Menanggapi hal tersebut, Ketua DPW BAIN HAM-RI Kalimantan Barat, Syafriudin, C. L. A, meminta aparat penegak hukum dan instansi terkait segera turun tangan melakukan penyelidikan secara menyeluruh.
Menurut Syafriudin, persoalan BBM subsidi bukan hanya soal pelanggaran administrasi, namun sudah menyangkut hak masyarakat luas yang harus dilindungi negara.
“Kalau benar ada praktik penyalahgunaan BBM subsidi, maka ini tidak boleh dianggap sepele. Subsidi itu hak rakyat kecil, bukan untuk dipermainkan demi keuntungan pribadi atau kelompok tertentu,” tegas Syafriudin.
Ia juga mengapresiasi keberanian masyarakat dan insan pers yang terus mengawal persoalan tersebut hingga menjadi perhatian publik.
“Kami mendukung penuh langkah masyarakat dan rekan-rekan media yang berani mengungkap dugaan penyimpangan ini. Pengawasan publik sangat penting agar tidak ada lagi oknum yang bermain dalam distribusi BBM subsidi,” ujarnya.
Syafriudin menambahkan bahwa pemerintah daerah, Pertamina, dan aparat penegak hukum harus memperketat pengawasan mulai dari jalur distribusi, administrasi, hingga pengawasan langsung di titik penyaluran BBM.
“Jangan sampai rakyat terus menjadi korban akibat lemahnya pengawasan. Jika ada pihak yang terbukti melakukan pelanggaran, proses hukum harus ditegakkan secara transparan dan tanpa tebang pilih,” tambahnya.
Ia berharap langkah cepat segera dilakukan agar distribusi BBM bersubsidi kembali tepat sasaran dan tidak menimbulkan keresahan di tengah masyarakat.
“Negara harus hadir melindungi hak masyarakat. BBM subsidi harus benar-benar sampai kepada yang berhak, bukan malah bocor kepada pihak-pihak yang mencari keuntungan,” pungkas Syafriudin.

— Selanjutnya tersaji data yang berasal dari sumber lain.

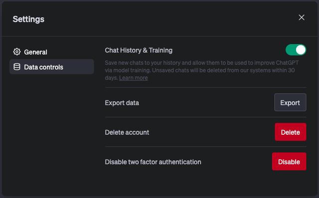 这个开关默认是开启的,即ChatGPT会保存你的对话信息,并且将你的对话信息用于训练和改进ChatGPT的数据模型。根据 ChatGPT官网的描述,关闭该选项后,你的对话信息不会被保存,也不会被用于训练ChatGPT的模型。但是你关闭这个选项之前的记录还是会被用于训练ChatGPT,意味着在从ChatGPT推出到现在的所有对话信息都会被ChatGPT用来训练它的模型。相比现在国内新推出的各种大模型,ChatGPT已经积累了巨大的先发优势。
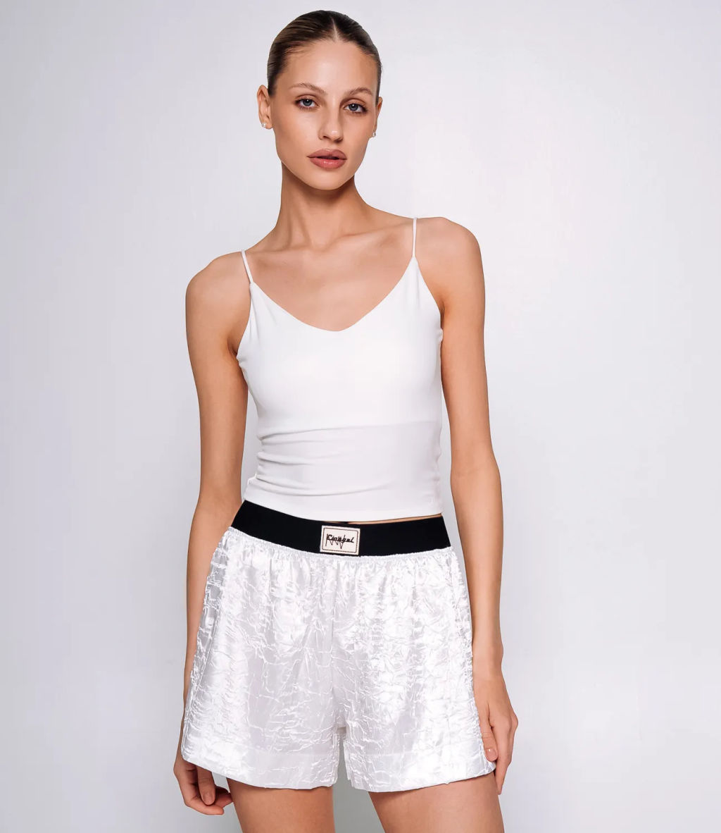 Эти женские шорты выполнены с высокой талией, что подчеркивает фигуру и добавляет элегантности. Они имеют металлический принт, который придает им стильный и современный вид. Материал шорт 100% полиэстер, что делает их легкими, прочными и устойчивыми к износу. Полиэстер также обеспечивает хорошую воздухопроницаемость и легкость в уходе, так как ткань быстро сохнет и легко стирается. Шорты идеально подходят для повседневного ношения или активного отдыха, сочетая комфорт и модный дизайн. Вы обязательно будете носить с большим удовольствием. Чтобы вы были уверены в размере, мы представили на странице таблицу. Воспользовавшись ею, вы сможете сами сделать мерки и удостовериться. Предложенная нами цена является приемлемой. Не откажите себе в удовольствии быть элегантной!­

Menurut Syafriudin Penyalahgunaan minyak subsidi (BBM) diatur dalam UU Nomor 22 Tahun 2001 tentang Minyak dan Gas Bumi (UU Migas), yang perubahannya diperbarui dalam UU Nomor 6 Tahun 2023 tentang Penetapan Peraturan Pemerintah Pengganti UU Nomor 2 Tahun 2022 tentang Cipta Kerja.
Aturan Hukum Penyalahgunaan BBM Subsidi
Tindak pidana penyalahgunaan pengangkutan dan/atau niaga bahan bakar minyak yang disubsidi pemerintah dijerat menggunakan regulasi utama berikut:
- Pasal 55 UU Migas: Menyatakan bahwa setiap orang yang menyalahgunakan Pengangkutan dan/atau Niaga Bahan Bakar Minyak yang disubsidi Pemerintah dipidana dengan penjara paling lama 6 (enam) tahun dan denda paling tinggi Rp60.000.000.000,00 (enam puluh miliar rupiah).
- Pasal 53 UU Migas: Mengatur tentang kegiatan usaha pengangkutan atau niaga tanpa izin usaha, yang juga dapat menjerat pelaku penimbunan dan jual-beli ilegal.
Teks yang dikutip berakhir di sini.